Während der fruchtbaren Tage im Monatszyklus einer Frau, die ja nur wenige Stunden lang andauern, wird vermehrt das Lusthormon Östradiol ausgeschüttet. Es verwandelt, in genügend hoher Dosis, auch die sanfteste Frau vorübergehend in einen lüsternen Vamp, dessen Denken den ganzen Tag um Sex kreist (und nein, dieses Hormon gibts nicht als Pille zu kaufen:-)
Begegnet eine Frau während dieser »heißen« Stunden einem Mann, der in ihr urzeitlich vordefiniertes Beuteschema vom starken, dominanten Samenspender passt, kann es innerhalb kürzester Zeit zum One-Night-Stand kommen. Und weil die Natur scheinbar einen gewissen Sinn für Humor besitzt, gibt es bei Männern einen Botenstoff, welches sie mit schlafwandlerischer Sicherheit erkennen lassen, ob sich eine Frau gerade im Östradiol-Rausch befindet und sich daher als One-Night-Stand-Partnerin ideal eignet.

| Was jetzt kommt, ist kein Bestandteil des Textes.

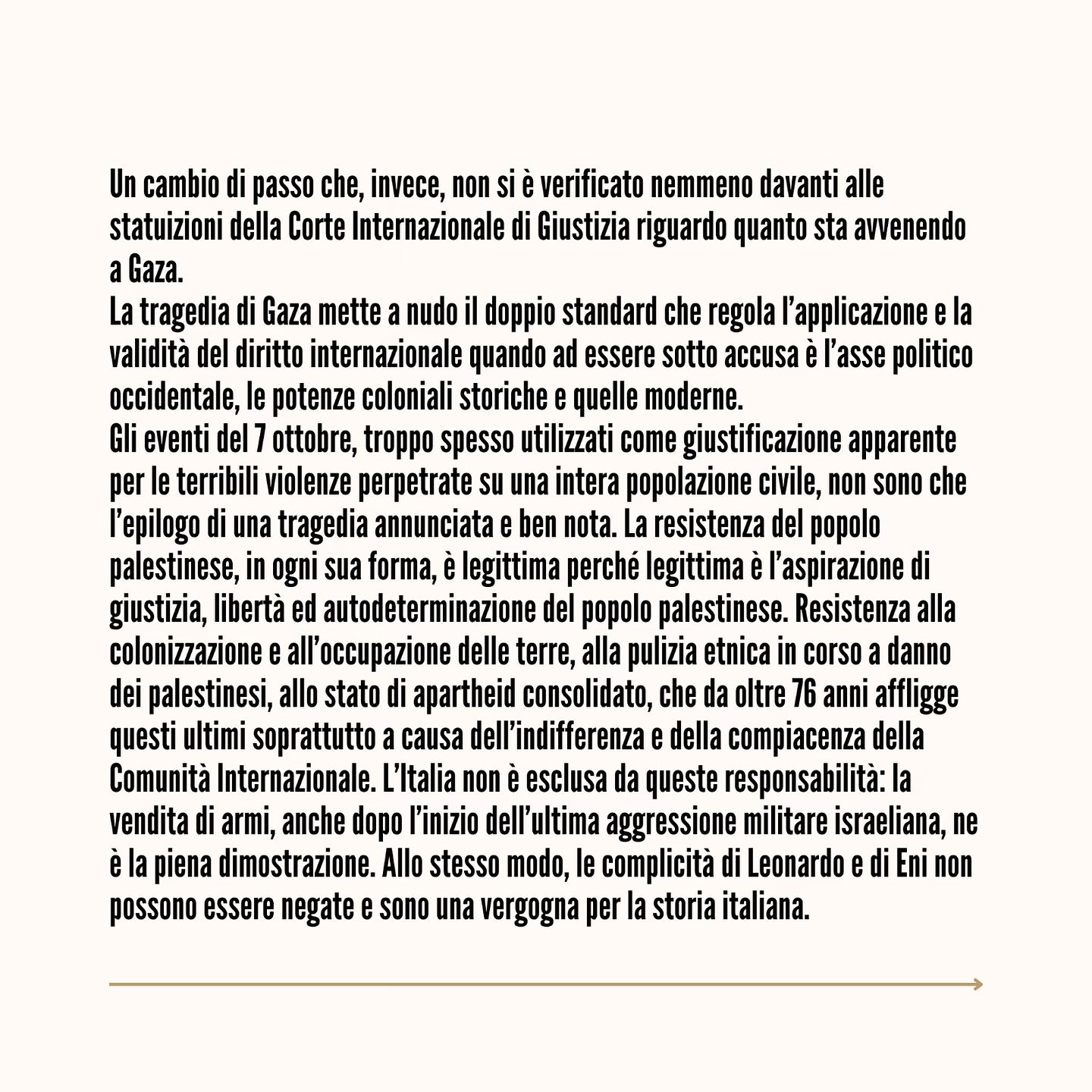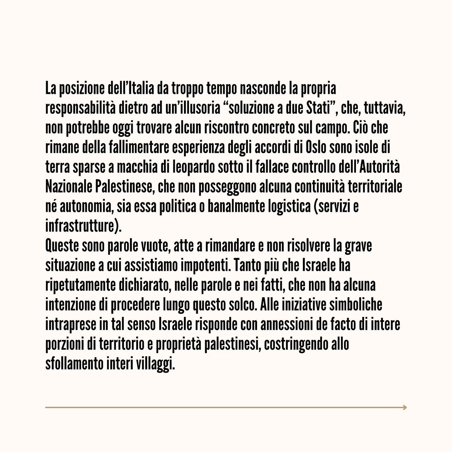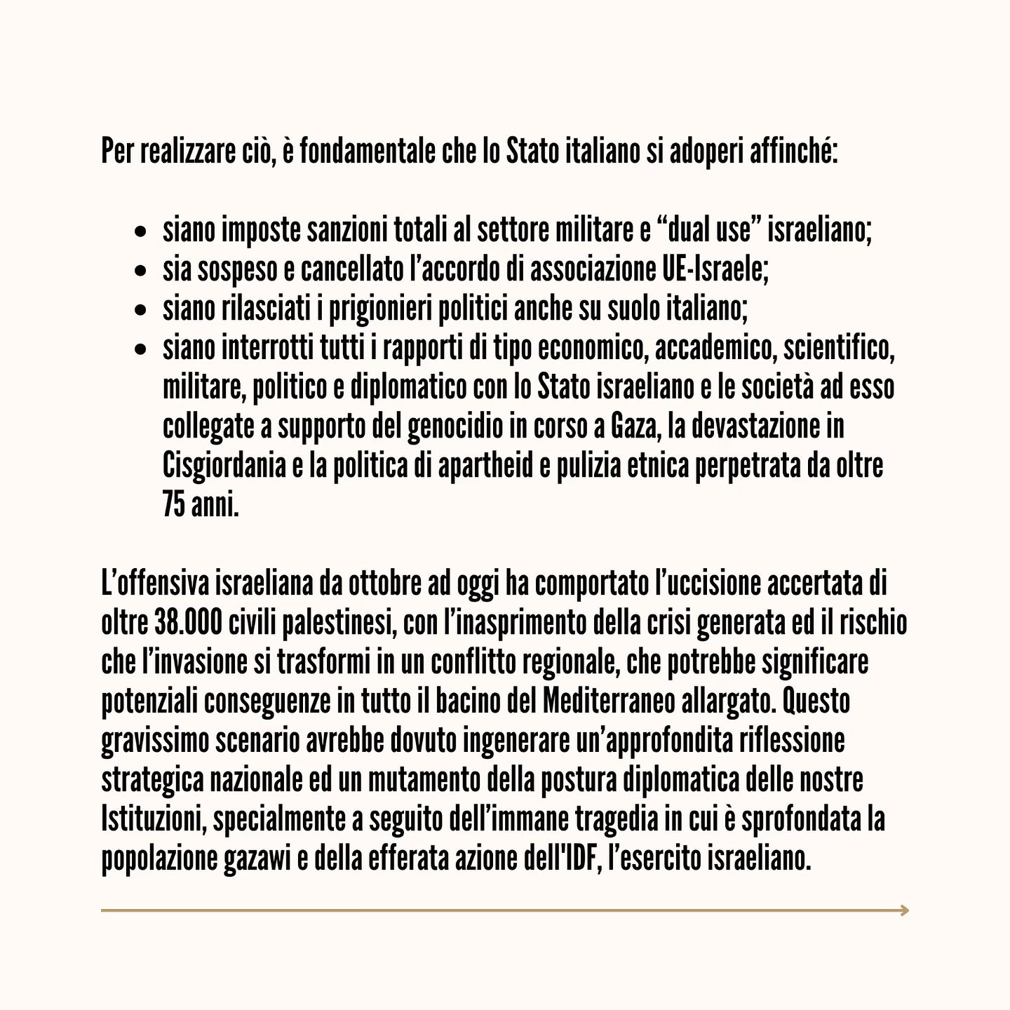 – siano interrotti tutti i rapporti di tipo economico, accademico, scientifico, militare, politico e diplomatico con lo Stato israeliano e le società ad esso collegate a supporto del genocidio in corso a Gaza, la devastazione in Cisgiordania e la politica di apartheid e pulizia etnica perpetrata da oltre 15 anni.

Die Psychologin Kristina M. Durante von der Universität Texas in Austin erforschte das Lusthormon und fand heraus: Es gibt Frauen, die von Natur aus mit einem hohen Östradiol-Pegel ausgestattet sind. Diese Frauen wirken grundsätzlich attraktiver und sind sexuell aktiver als ihre Geschlechtsgenossinnen mit geringeren Östradiol-Werten. Diese Erkenntnis wurde auch im Fachmagazin »Biology Letter« der Royal Society veröffentlicht und sorgte für entsprechenden Wirbel. Weil damit bewiesen wäre, dass sexuelle Aktivität keine freie Kopfentscheidung ist, sondern in direktem Zusammenhang zum genetisch festgelegten Östradiol-Spiegel steht.